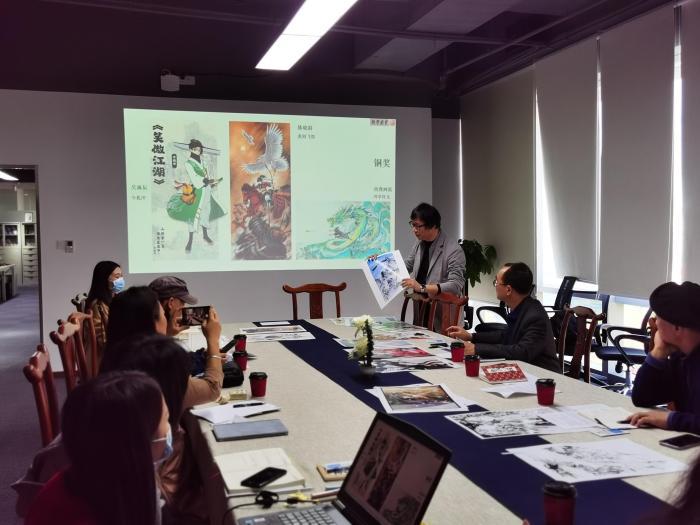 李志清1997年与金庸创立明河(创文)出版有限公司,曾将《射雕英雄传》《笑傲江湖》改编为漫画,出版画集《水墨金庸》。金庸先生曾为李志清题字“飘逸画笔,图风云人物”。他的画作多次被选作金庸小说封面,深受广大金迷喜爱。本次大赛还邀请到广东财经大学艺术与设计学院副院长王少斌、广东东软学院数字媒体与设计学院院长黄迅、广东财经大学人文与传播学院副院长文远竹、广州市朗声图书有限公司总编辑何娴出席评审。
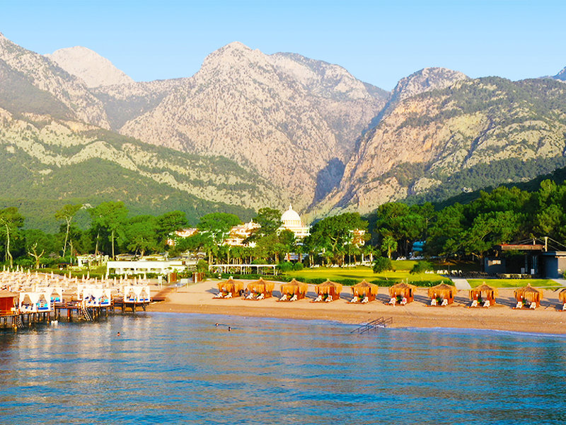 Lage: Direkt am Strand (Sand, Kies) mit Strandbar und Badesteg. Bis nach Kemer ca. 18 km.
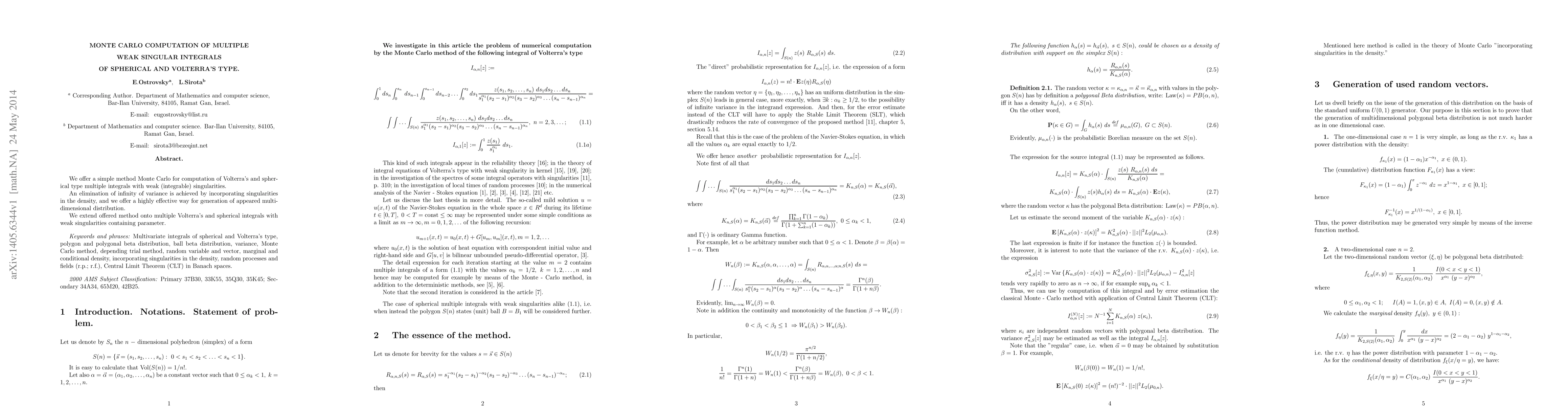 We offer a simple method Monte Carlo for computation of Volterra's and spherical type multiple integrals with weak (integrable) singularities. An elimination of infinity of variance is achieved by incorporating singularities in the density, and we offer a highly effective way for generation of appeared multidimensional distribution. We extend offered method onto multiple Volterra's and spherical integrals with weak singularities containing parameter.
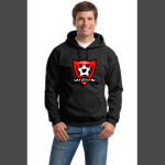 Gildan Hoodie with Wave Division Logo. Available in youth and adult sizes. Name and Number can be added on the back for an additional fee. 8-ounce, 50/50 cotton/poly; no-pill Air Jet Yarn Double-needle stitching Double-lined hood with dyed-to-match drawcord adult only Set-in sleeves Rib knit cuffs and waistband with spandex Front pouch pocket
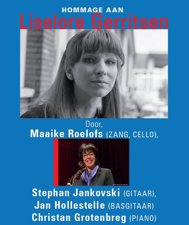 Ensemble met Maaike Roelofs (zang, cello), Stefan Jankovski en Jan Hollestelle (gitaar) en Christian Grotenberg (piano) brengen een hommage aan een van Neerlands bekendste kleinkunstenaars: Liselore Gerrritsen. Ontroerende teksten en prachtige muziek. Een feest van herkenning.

---

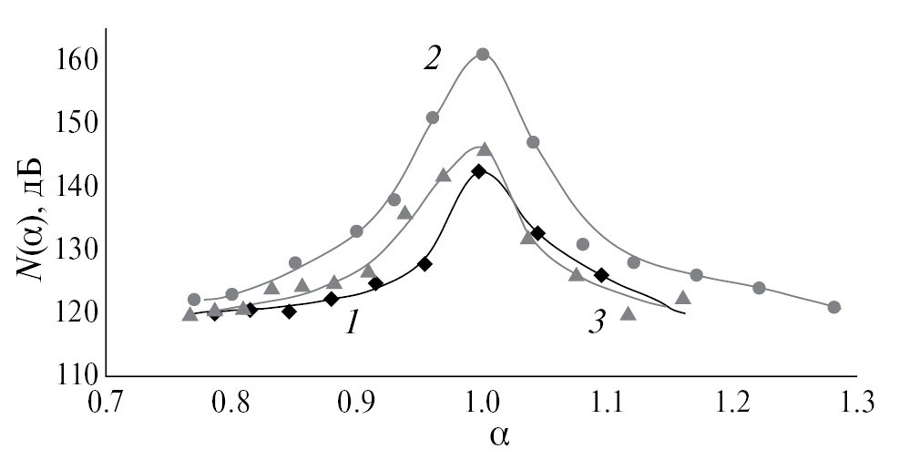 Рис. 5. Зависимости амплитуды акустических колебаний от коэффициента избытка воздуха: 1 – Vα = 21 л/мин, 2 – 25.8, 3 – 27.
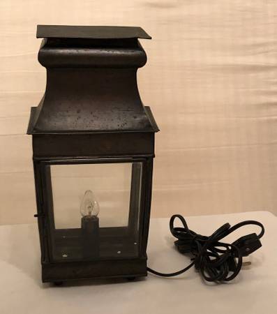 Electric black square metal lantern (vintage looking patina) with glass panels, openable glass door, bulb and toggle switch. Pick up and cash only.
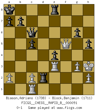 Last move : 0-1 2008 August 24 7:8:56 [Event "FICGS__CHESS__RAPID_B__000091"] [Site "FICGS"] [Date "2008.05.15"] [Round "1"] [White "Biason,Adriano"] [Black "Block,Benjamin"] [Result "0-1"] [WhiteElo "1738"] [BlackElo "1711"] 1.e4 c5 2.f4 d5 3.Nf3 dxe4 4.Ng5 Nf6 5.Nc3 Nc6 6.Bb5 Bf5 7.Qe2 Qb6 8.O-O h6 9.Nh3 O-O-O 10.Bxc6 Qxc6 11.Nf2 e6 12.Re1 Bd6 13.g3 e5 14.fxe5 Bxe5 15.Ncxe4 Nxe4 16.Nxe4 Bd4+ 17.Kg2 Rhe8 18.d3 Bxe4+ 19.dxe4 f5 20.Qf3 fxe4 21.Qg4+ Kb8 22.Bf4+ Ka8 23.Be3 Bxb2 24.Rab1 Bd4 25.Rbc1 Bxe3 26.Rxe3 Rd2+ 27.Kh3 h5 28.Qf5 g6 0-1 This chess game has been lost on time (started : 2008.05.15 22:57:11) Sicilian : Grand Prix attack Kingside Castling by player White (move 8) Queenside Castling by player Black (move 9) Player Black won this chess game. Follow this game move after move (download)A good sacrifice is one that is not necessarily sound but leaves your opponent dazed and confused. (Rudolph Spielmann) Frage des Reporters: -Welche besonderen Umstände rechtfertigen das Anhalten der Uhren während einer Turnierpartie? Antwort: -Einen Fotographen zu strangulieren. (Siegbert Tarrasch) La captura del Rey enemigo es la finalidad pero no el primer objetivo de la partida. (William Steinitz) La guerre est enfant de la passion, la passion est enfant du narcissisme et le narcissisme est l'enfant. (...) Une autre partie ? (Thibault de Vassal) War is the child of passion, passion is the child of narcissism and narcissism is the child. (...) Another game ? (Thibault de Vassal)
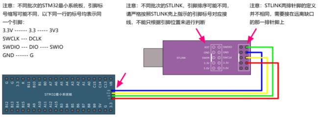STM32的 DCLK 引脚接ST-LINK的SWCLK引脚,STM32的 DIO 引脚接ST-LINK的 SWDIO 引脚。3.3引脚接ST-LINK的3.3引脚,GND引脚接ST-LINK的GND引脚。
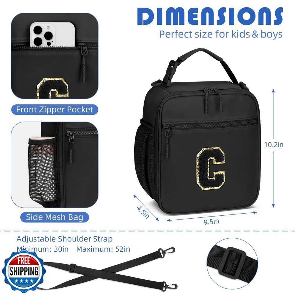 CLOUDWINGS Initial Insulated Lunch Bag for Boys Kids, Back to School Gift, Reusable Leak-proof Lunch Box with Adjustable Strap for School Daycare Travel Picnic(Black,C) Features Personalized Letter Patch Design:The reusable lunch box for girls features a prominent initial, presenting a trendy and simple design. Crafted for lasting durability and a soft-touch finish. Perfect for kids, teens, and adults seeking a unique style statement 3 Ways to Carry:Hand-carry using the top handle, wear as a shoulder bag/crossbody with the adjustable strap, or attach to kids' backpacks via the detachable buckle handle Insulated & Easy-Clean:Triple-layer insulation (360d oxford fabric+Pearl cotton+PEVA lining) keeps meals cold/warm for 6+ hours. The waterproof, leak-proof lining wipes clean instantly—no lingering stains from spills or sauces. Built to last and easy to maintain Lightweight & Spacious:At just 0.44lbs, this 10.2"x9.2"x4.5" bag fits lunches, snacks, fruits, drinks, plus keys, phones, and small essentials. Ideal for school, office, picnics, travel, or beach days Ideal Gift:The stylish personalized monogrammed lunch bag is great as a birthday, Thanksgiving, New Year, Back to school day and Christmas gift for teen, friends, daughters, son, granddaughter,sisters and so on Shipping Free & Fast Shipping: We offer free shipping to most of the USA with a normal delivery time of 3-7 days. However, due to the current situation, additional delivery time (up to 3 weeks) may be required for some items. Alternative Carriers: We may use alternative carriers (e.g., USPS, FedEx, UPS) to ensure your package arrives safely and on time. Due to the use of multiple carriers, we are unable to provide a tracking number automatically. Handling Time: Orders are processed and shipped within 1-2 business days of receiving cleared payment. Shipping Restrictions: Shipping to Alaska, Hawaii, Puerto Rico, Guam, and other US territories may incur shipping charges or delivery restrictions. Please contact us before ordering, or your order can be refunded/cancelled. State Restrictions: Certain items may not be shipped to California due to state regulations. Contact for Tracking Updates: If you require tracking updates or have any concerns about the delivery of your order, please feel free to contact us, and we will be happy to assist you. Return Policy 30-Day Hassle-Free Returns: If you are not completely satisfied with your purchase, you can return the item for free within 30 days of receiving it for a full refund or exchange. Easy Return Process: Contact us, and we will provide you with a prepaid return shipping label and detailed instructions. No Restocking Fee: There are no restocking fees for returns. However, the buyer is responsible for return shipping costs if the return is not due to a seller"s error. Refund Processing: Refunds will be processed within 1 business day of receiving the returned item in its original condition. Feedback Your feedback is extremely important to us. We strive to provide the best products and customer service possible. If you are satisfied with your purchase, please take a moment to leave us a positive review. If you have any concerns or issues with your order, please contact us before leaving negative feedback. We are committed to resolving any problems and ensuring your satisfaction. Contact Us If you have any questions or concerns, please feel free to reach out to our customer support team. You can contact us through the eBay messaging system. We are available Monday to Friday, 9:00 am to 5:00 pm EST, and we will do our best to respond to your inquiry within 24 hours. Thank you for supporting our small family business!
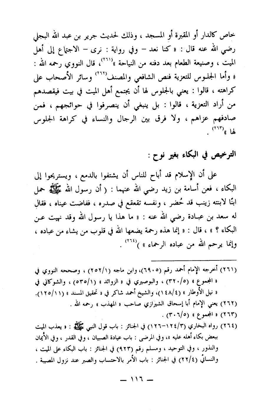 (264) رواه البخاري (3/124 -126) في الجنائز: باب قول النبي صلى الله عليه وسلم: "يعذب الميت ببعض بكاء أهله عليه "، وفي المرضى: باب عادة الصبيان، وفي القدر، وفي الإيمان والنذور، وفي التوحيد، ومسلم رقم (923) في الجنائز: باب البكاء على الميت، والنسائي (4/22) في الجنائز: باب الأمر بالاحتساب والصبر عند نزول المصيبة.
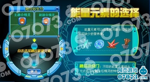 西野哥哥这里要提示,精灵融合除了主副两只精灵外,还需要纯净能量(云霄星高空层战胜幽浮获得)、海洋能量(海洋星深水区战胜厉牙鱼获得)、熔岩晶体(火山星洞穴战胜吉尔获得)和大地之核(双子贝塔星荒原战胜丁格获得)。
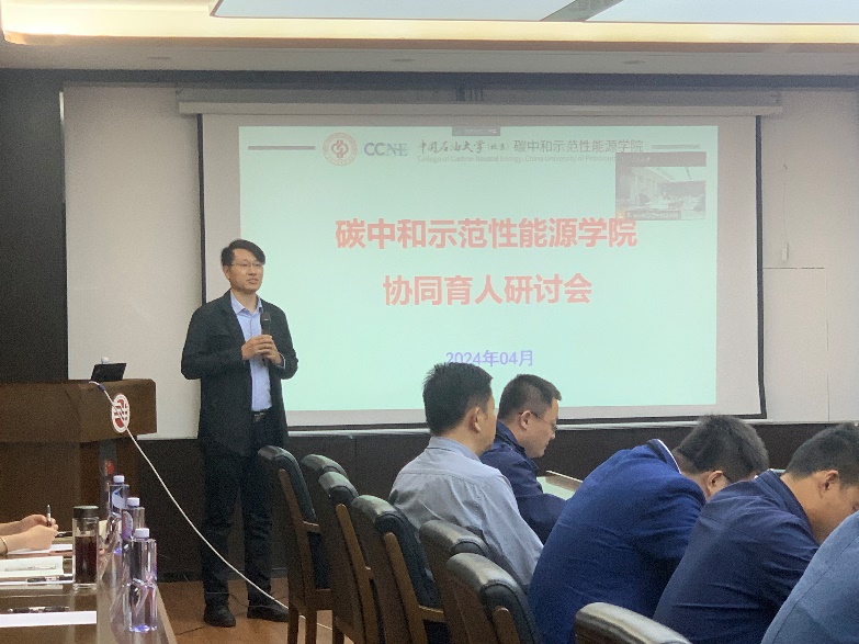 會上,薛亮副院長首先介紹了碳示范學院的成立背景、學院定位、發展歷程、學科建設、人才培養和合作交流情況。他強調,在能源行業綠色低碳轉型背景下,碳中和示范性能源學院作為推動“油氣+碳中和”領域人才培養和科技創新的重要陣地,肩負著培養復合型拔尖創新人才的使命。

What you will do: When you reach the line containing "西野哥哥这里要提示,精灵融合" in the entries above, begin restating word for word, and stop once the line containing "會上,薛亮副院長首先介紹了碳" has been given. Omit the pictures.

Written response:
 西野哥哥这里要提示,精灵融合除了主副两只精灵外,还需要纯净能量(云霄星高空层战胜幽浮获得)、海洋能量(海洋星深水区战胜厉牙鱼获得)、熔岩晶体(火山星洞穴战胜吉尔获得)和大地之核(双子贝塔星荒原战胜丁格获得)。
 會上,薛亮副院長首先介紹了碳示范學院的成立背景、學院定位、發展歷程、學科建設、人才培養和合作交流情況。他強調,在能源行業綠色低碳轉型背景下,碳中和示范性能源學院作為推動“油氣+碳中和”領域人才培養和科技創新的重要陣地,肩負著培養復合型拔尖創新人才的使命。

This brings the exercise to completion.